**The task**
Copy the lines below word for word, skipping any image.

**Information supplied**
※ ※ ※
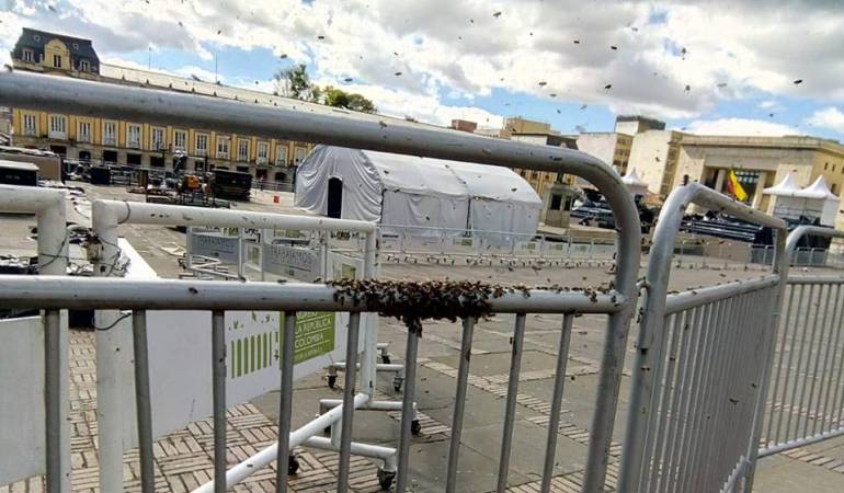 Un enjambre de abejas se instaló en la Plaza de Bolívar en medio de los preparativos que se adelantan para la posesión de Iván Duque como nuevo presidente de Colombia.
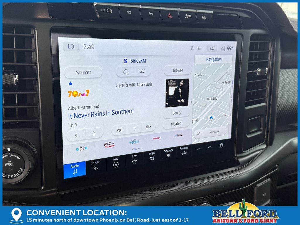 ** HERE AT BELL FORD ITS ALL ABOUT THE EXPERIENCE** Please visit us online at www.bellford.com This Ford F-150 is equipped with the following options: Equipment Group 801A Standard, 4WD, 14 Speakers, 17" Cast Aluminum Wheels, 4-Wheel Disc Brakes, ABS brakes, Adaptive suspension, Adjustable pedals, Air Conditioning, Alloy wheels, AM/FM radio: SiriusXM with 360L, Auto High-beam Headlights, Auto tilt-away steering wheel, Auto-dimming door mirrors, Auto-dimming Rear-View mirror, Automatic temperature control, Brake assist, Bumpers: body-color, Compass, Delay-off headlights, Driver door bin, Driver vanity mirror, Dual front impact airbags, Dual front side impact airbags, Electronic Locking w/4.10 Axle Ratio, Electronic Stability Control, Emergency communication system: SYNC 4 911 Assist, Front anti-roll bar, Front Bucket Seats, Front Center Armrest, Front dual zone A/C, Front fog lights, Front License Plate Bracket, Front reading lights, Front wheel independent suspension, Fully automatic headlights, Garage door transmitter, Heads-Up Display, Heated door mirrors, Heated front seats, Heated rear seats, Heated steering wheel, Illuminated entry, Lane Departure Warning System, Leather Trim Seats, Low tire pressure warning, Memory seat, Navigation system: Connected Navigation, Occupant sensing airbag, Outside temperature display, Overhead airbag, Overhead console, Panic alarm, Passenger door bin, Passenger vanity mirror, Pedal memory, Power door mirrors, Power driver seat, Power passenger seat, Power steering, Power windows, Radio data system, Radio: B&O Unleashed Sound System by Bang & Olufsen, Rain sensing wipers, Rear reading lights, Rear step bumper, Rear window defroster, Remote keyless entry, Security system, Speed control, Speed-sensing steering, Split folding rear seat, Steering wheel memory, Steering wheel mounted audio controls, SYNC 4 w/Enhanced Voice Recognition, Tachometer, Telescoping steering wheel, Tilt steering wheel, Traction control, Trip computer, Turn signal indicator mirrors, Twin Panel Moonroof, Variably intermittent wipers, and Ventilated front seatS.
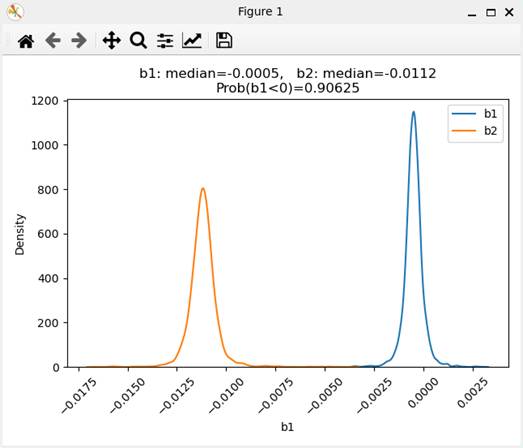 b1_hat, b2_hat) + '\n' + f'Prob(b1<0)={np.mean(fit["b1"]<0)}')
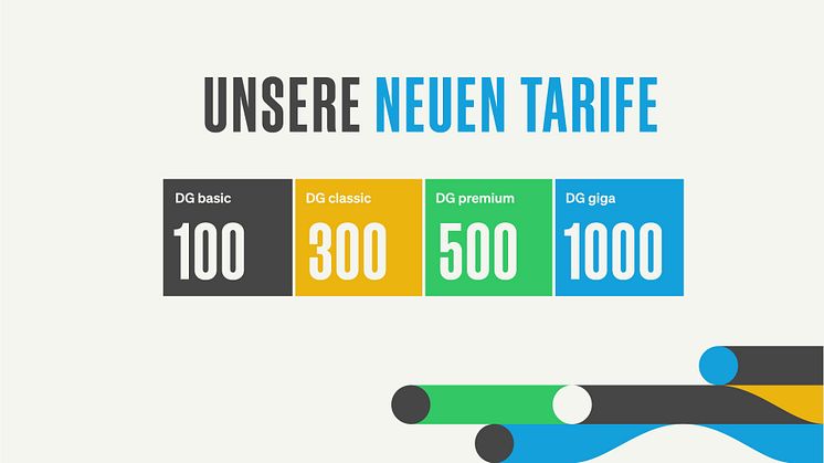 Ab sofort stehen allen Neukunden von Deutsche Glasfaser die neuen Tarife „DG basic 100“, „DG classic 300“, „DG premium 500“ und „DG giga 1000“ zur Verfügung
※ ※ ※
**Task response**
 Un enjambre de abejas se instaló en la Plaza de Bolívar en medio de los preparativos que se adelantan para la posesión de Iván Duque como nuevo presidente de Colombia.
 ** HERE AT BELL FORD ITS ALL ABOUT THE EXPERIENCE** Please visit us online at www.bellford.com This Ford F-150 is equipped with the following options: Equipment Group 801A Standard, 4WD, 14 Speakers, 17" Cast Aluminum Wheels, 4-Wheel Disc Brakes, ABS brakes, Adaptive suspension, Adjustable pedals, Air Conditioning, Alloy wheels, AM/FM radio: SiriusXM with 360L, Auto High-beam Headlights, Auto tilt-away steering wheel, Auto-dimming door mirrors, Auto-dimming Rear-View mirror, Automatic temperature control, Brake assist, Bumpers: body-color, Compass, Delay-off headlights, Driver door bin, Driver vanity mirror, Dual front impact airbags, Dual front side impact airbags, Electronic Locking w/4.10 Axle Ratio, Electronic Stability Control, Emergency communication system: SYNC 4 911 Assist, Front anti-roll bar, Front Bucket Seats, Front Center Armrest, Front dual zone A/C, Front fog lights, Front License Plate Bracket, Front reading lights, Front wheel independent suspension, Fully automatic headlights, Garage door transmitter, Heads-Up Display, Heated door mirrors, Heated front seats, Heated rear seats, Heated steering wheel, Illuminated entry, Lane Departure Warning System, Leather Trim Seats, Low tire pressure warning, Memory seat, Navigation system: Connected Navigation, Occupant sensing airbag, Outside temperature display, Overhead airbag, Overhead console, Panic alarm, Passenger door bin, Passenger vanity mirror, Pedal memory, Power door mirrors, Power driver seat, Power passenger seat, Power steering, Power windows, Radio data system, Radio: B&O Unleashed Sound System by Bang & Olufsen, Rain sensing wipers, Rear reading lights, Rear step bumper, Rear window defroster, Remote keyless entry, Security system, Speed control, Speed-sensing steering, Split folding rear seat, Steering wheel memory, Steering wheel mounted audio controls, SYNC 4 w/Enhanced Voice Recognition, Tachometer, Telescoping steering wheel, Tilt steering wheel, Traction control, Trip computer, Turn signal indicator mirrors, Twin Panel Moonroof, Variably intermittent wipers, and Ventilated front seatS.
 b1_hat, b2_hat) + '\n' + f'Prob(b1<0)={np.mean(fit["b1"]<0)}')
 Ab sofort stehen allen Neukunden von Deutsche Glasfaser die neuen Tarife „DG basic 100“, „DG classic 300“, „DG premium 500“ und „DG giga 1000“ zur Verfügung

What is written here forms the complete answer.